Every presidency leaves its marks on history. For George W. Bush, these marks now include an immortalization by one of the most celebrated painters in the world, Fernando Botero — but the memories immortalized may not be the ones the president wants remembered.
Highlighting the human rights abuses and acts of torture committed under Bush, an exhibition of 50 paintings by Botero will open June 16th at the Palazzo Venezia in Rome. The exhibit focuses on the horrors of the Abu Ghraib prison, and marks a new theme for Botero’s work, including his famous “gordos”, which has previously been shown in museums and galleries from New York to Paris.
Colombia’s “Diners Magazine“, in a worldwide exclusive, recently reproduced samples of Botero’s latest exhibit . Therein, readers can experience, in Botero’s inimitable style, the images that have made up one of the most shameful, cruel, and inhuman episodes of Bush’s regime, and of United States military history: the base humiliation and torture of countless Iraqis, guilty of nothing more than occupying the wrong space at the wrong time. These images will doubtless join the collective human psyche, adding another layer to the strata of man’s inhumanity to man, joining previous chapters, from the Spanish Inquisition to the concentration camps of Nazi Germany.

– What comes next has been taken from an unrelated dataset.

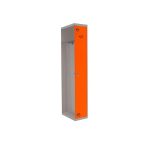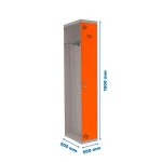 Taquilla metálica de 1 cuerpo con 1 puerta de color gris y las puertas naranjas. Las dimensiones son 1800x400x500 mms.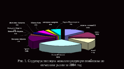 Рис. 3.2 – Структура экспорта металлопродукции комбината по сегментам рынка за 2004 год.

Through the smoke and mirrors of the neo-conservative ideology, what was once regarded by some as “the foremost democracy on earth” has been made into the foremost representation of torture in our time, and been captured by Botero’s brushes, exemplifying on canvas how quickly the thin layers of civilization can be peeled away to reveal emotions and motives so recently believed to have no place in our modern world.
But Botero is not the first world-class artist to denounce the injustices of his time by way of brush-strokes. Francisco JosÈ de Goya depicted Napoleonic massacres and Inquisitorial horrors of the 19th century, and Pablo Picasso showed the world the horrors of war crimes in Guernica, through his work by the same name denouncing Francisco Franco’s nod to the Nazis, who bombed it to ruins in 1937.
Following this honorable tradition of artists compelled to keep the unsavory aspects of their era from fading out of mind, Botero has proven that, from Medellin to Baghdad, he is quite capable of reflecting the full range of human nature, from the most noble to the most abominable. Ironically, it was Bush himself who once stated “The true history of my administration will be written 50 years from now, and you and I will not be around to see it.” But for you, the reader, there’s good news: you won’t have to wait 50 years to see the history of this administration. Should you show up on a certain date in June, at a particular art exhibit in Rome, you’ll be able to see its history painted in full color, with its acts exposed for all the world to judge. It has been painted on history’s wall of shame, so that we may never forget that those who would call themselves our benefactors can sometimes be the cruelest of all.